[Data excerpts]
++++++++++

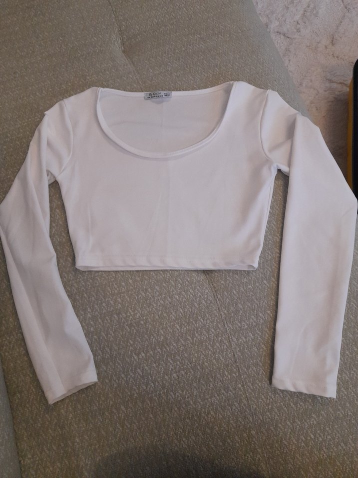 Pamuk kumaştan beyaz, uzun kollu, yuvarlak yakalı crop top. Vücuda oturan kesimi ve normal boyu ile günlük sokak stiline uygun.
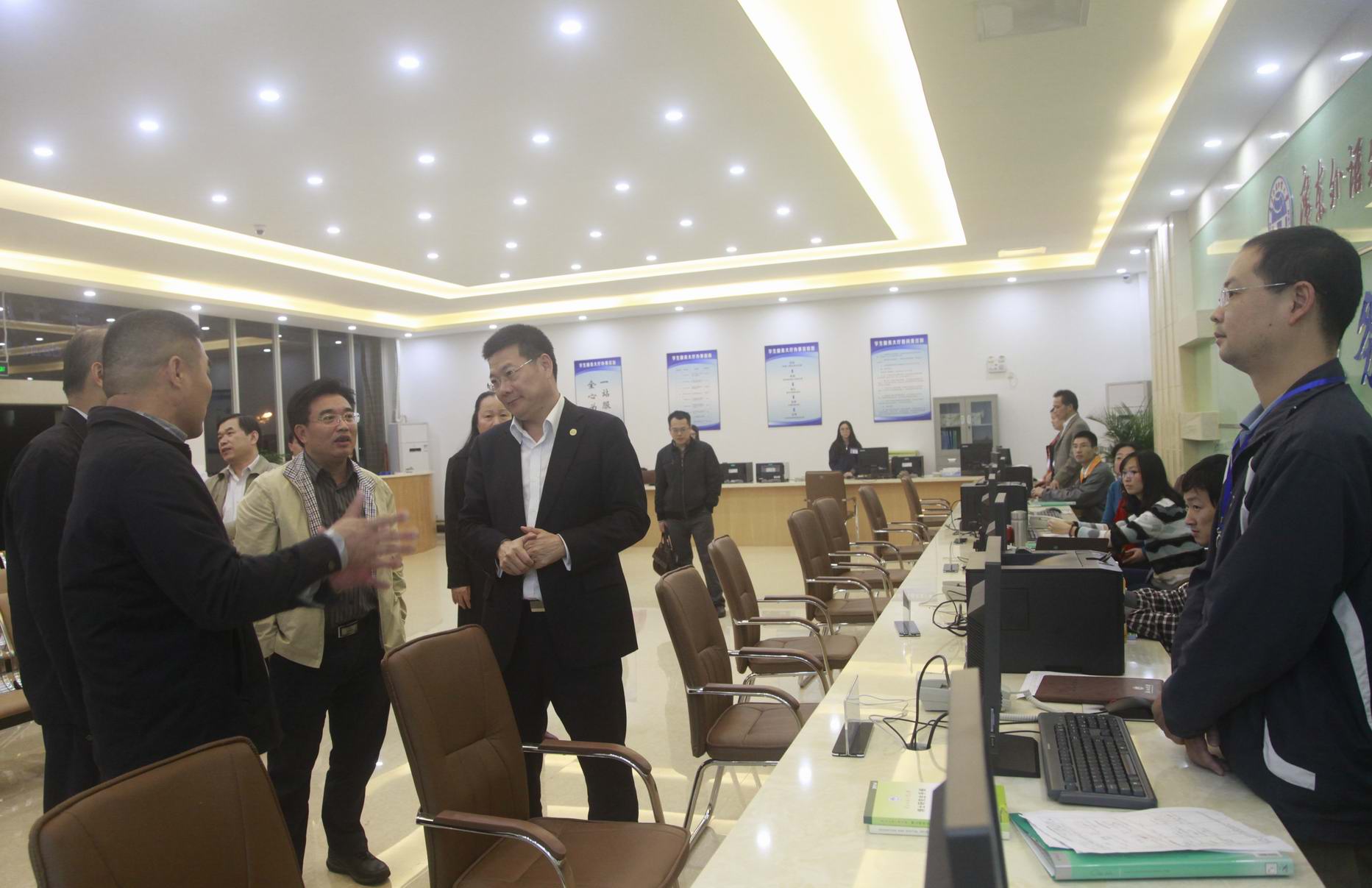 仲伟合在现场与相关部门负责人探讨服务中心今后的建设
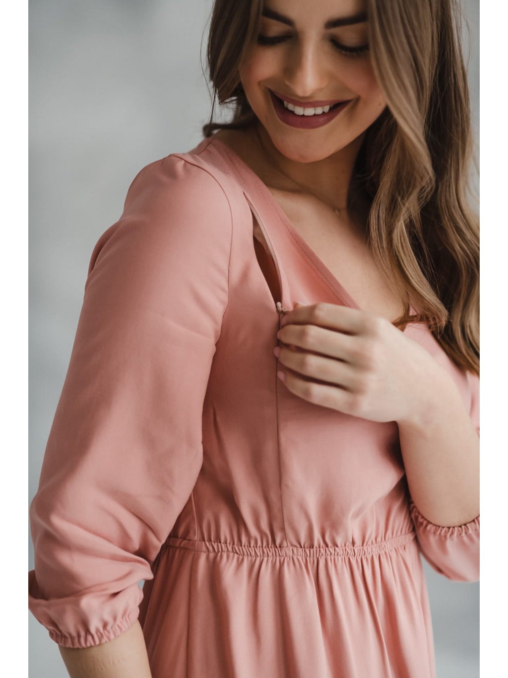 Multifunkční šaty Lovely v jemném růžovém odstínu Herbal Rose se nejprve přizpůsobí rostoucímu těhotenskému bříšku, po porodu umožní pohodlné a diskrétní kojení díky skrytým zipům a později je můžete nosit jako běžné šaty. Volnější střih, jemná gumička pod poprsím a lehká viskóza z nich dělají ideální volbu pro teplejší období i speciální příležitosti.
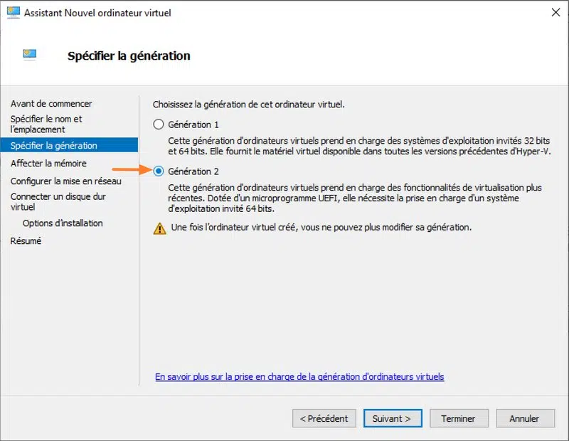 Choisissez la "Génération 2" car OPNsense est compatible avec cette configuration, bien qu'il supporte aussi la génération 1.
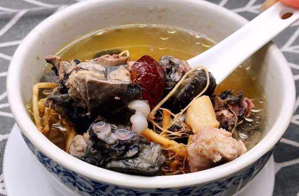 最後再來說說這個桂圓蓮子木耳烏雞湯的吃法,你知道嗎?烏雞是非常好的補氣血的食材,尤其是對我們產後的媽媽們,補身體是非常好的。
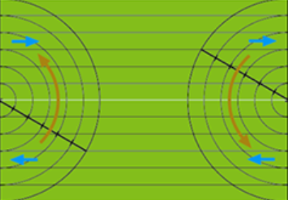 可旋轉平移式噴灌機,除了具有常規(guī)的平移噴灌功能外,還可以在耕地兩端進行無水旋轉,使設備的覆蓋面積增加一倍,有效降低設備的投資成本。其工作原理示意如下:
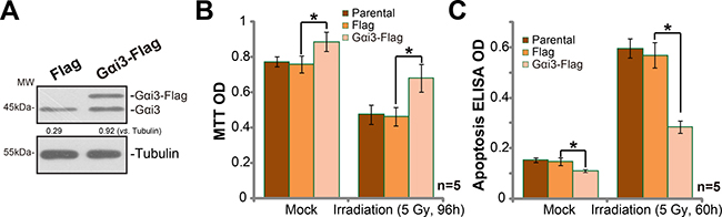 Figure 3: Exogenous Gαi3 over-expression in A172 cells cause irradiation resistance. (A) Western blotting analysis results showed expression of Gαi3 (endogenous and exogenous) in stable A172 cells with the Flag-tagged Gαi3 or empty vector (pSuper-puro-Flag, “Flag”). Cells were treated with irradiation (5 Gy) and cultured for indicated time; Cell death (MTT OD reduction, (B)) and apoptosis (Histone DNA ELISA assay, (C)) were tested. “Parental” stands for control parental A172 cells. *p < 0.05.

++++++++++

*What you will do*
Without including the pictures, copy all of the data exactly.

*Exercise solution*
 Pamuk kumaştan beyaz, uzun kollu, yuvarlak yakalı crop top. Vücuda oturan kesimi ve normal boyu ile günlük sokak stiline uygun.
 仲伟合在现场与相关部门负责人探讨服务中心今后的建设
 Multifunkční šaty Lovely v jemném růžovém odstínu Herbal Rose se nejprve přizpůsobí rostoucímu těhotenskému bříšku, po porodu umožní pohodlné a diskrétní kojení díky skrytým zipům a později je můžete nosit jako běžné šaty. Volnější střih, jemná gumička pod poprsím a lehká viskóza z nich dělají ideální volbu pro teplejší období i speciální příležitosti.
 Choisissez la "Génération 2" car OPNsense est compatible avec cette configuration, bien qu'il supporte aussi la génération 1.
 最後再來說說這個桂圓蓮子木耳烏雞湯的吃法,你知道嗎?烏雞是非常好的補氣血的食材,尤其是對我們產後的媽媽們,補身體是非常好的。
 可旋轉平移式噴灌機,除了具有常規(guī)的平移噴灌功能外,還可以在耕地兩端進行無水旋轉,使設備的覆蓋面積增加一倍,有效降低設備的投資成本。其工作原理示意如下:
 Figure 3: Exogenous Gαi3 over-expression in A172 cells cause irradiation resistance. (A) Western blotting analysis results showed expression of Gαi3 (endogenous and exogenous) in stable A172 cells with the Flag-tagged Gαi3 or empty vector (pSuper-puro-Flag, “Flag”). Cells were treated with irradiation (5 Gy) and cultured for indicated time; Cell death (MTT OD reduction, (B)) and apoptosis (Histone DNA ELISA assay, (C)) were tested. “Parental” stands for control parental A172 cells. *p < 0.05.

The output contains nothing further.